The pilot program had 19 participants who spent 12 weeks in the full-time program. During that time, they provided students with financial stipends supported by employers, as well as daily meals, career counseling, transportation, Wi-Fi, childcare and any other resources they needed. They also helped them build resumes and practice their interview skills. “We customized our services to the students so they could focus on learning — because if they can’t focus on learning, it reduces their ability to make it through the program,” Tanbakuchi says.
And while students aren’t guaranteed a job post-graduation, the supporting companies — and others in the community — are eager to meet with them.
At the end of the program (which all 19 passed), students delivered capstone projects in front of all of the supporting employers, then both groups selected who they wanted to interview with.
“From there, it was a whirlwind,” Tanbakuchi says.
Half the class landed jobs through those initial interviews, and several others have been hired by employers in the community who are eager to work with this new talent pool. “These students, who had no prior exposure to data analytics, are now starting jobs in one of the fastest growing fields in the world,” Tanbakuchi says. “It is very exciting.”
Time for a change
The first cohort included Namita Acharya, who was working in admissions for University at Buffalo International Education, but wanted to make a career change into a tech field where she could build a better career. She’d initially planned to take online courses on her own when she heard about TechBuffalo.

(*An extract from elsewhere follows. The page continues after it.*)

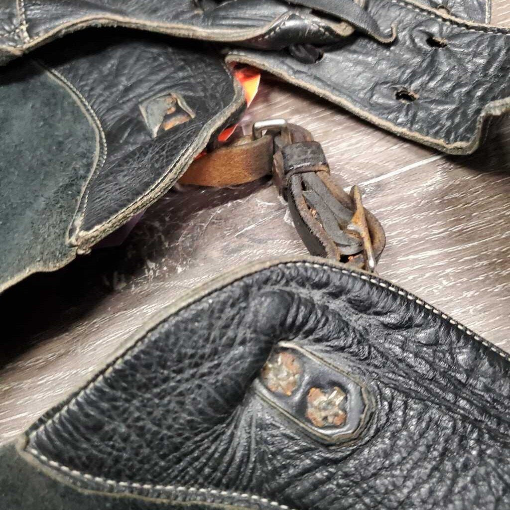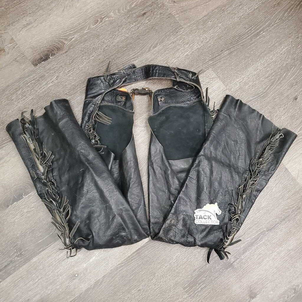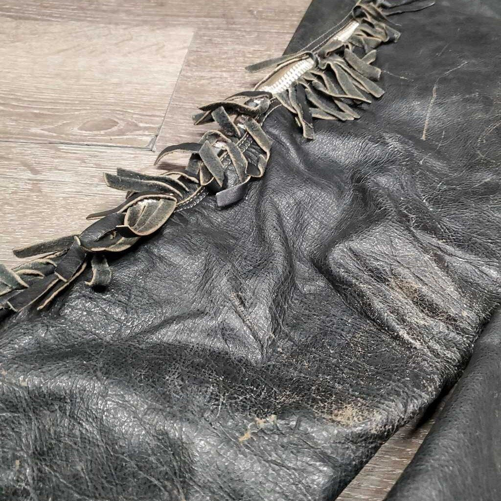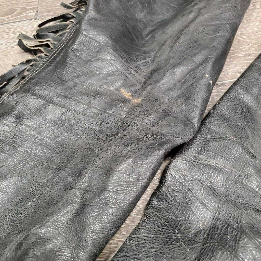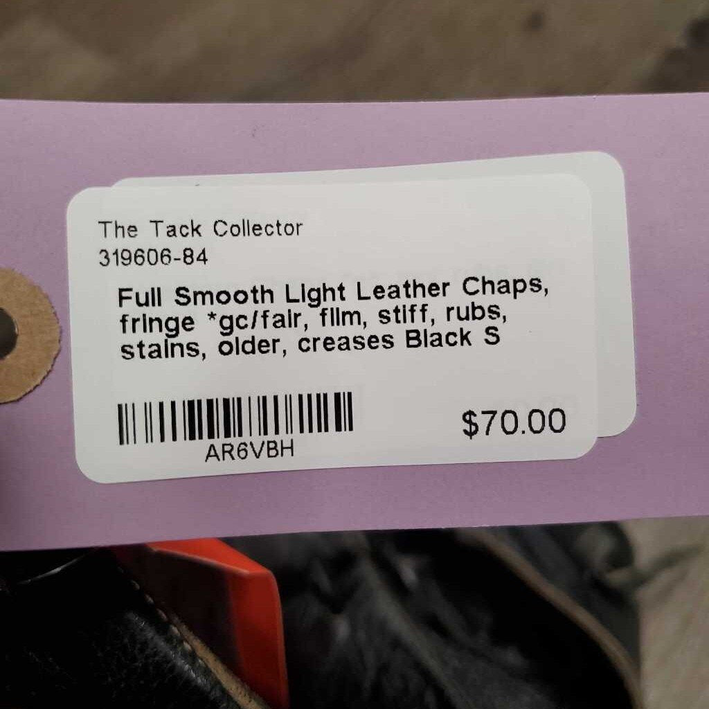 Full Smooth Light Leather Chaps, fringe *gc/fair, film, stiff, rubs, stains, older, creases
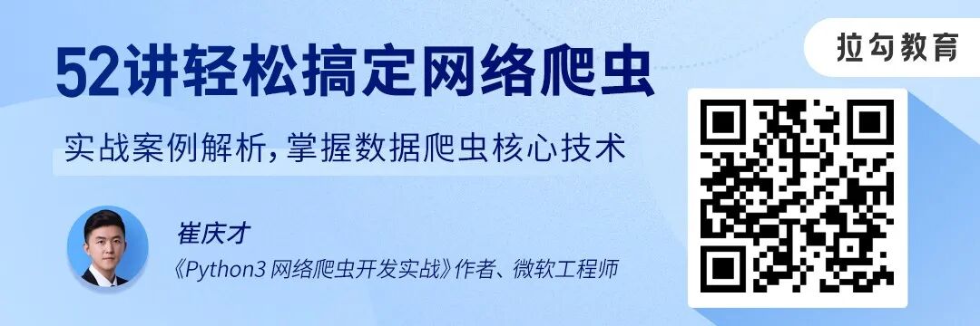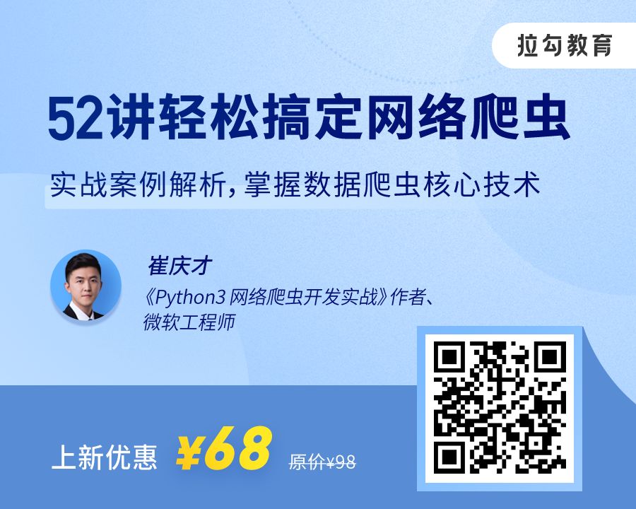 为了解决这样的问题,他和拉勾旗下的拉勾教育,联合推出了一门适合“新时代”的爬虫实战专栏「 52讲轻松搞定网络爬虫 」。这个专栏把他这本畅销书的知识点做了精简,选择那些你必须要学且学了就能用的知识点,结合当下的技术情况新增了很多关键内容,比如「 JavaScript 逆向 」「 App 逆向解密 」「 深度学习识别验证码 」「 网页的智能解析 」「 异步爬取 」。这些内容,你在市面上很难找到相应的学习资料的内容!

She took the application test, which involved learning basic SQL skills, and was accepted into the program. “That was exciting, because it solidified that this was something I could do,” Acharya says.
She dove into the training, and loved the added support her instructors provided, which ranged from programming tips, to helping create a personal elevator pitch and build her LinkedIn profile. “It was empowering,” she says. “It was a hundred times more valuable than doing it by myself online.”
After her capstone presentation, Acharya landed several interviews and received an offer from ACV Auctions, which was her top choice. She’s now a Data Analyst 1, which provided her with a better salary and benefits and vision for the future. “It feels like I’m on a new career path now,” she says.
Finding a partner
TechBuffalo and NWTC are proving that when employers and community learning programs collaborate, they can create new talent pools while boosting economic mobility in underserved populations.
Tucker notes that in Buffalo, there are 3,000 job openings that his students are qualified for. “The partners who support us have first access to our students, and many of them receive multiple offers before they even graduate,” he says. For companies facing constant stress in the labor market, partnering with community organizations like NWTC and TechBuffalo just makes good business sense.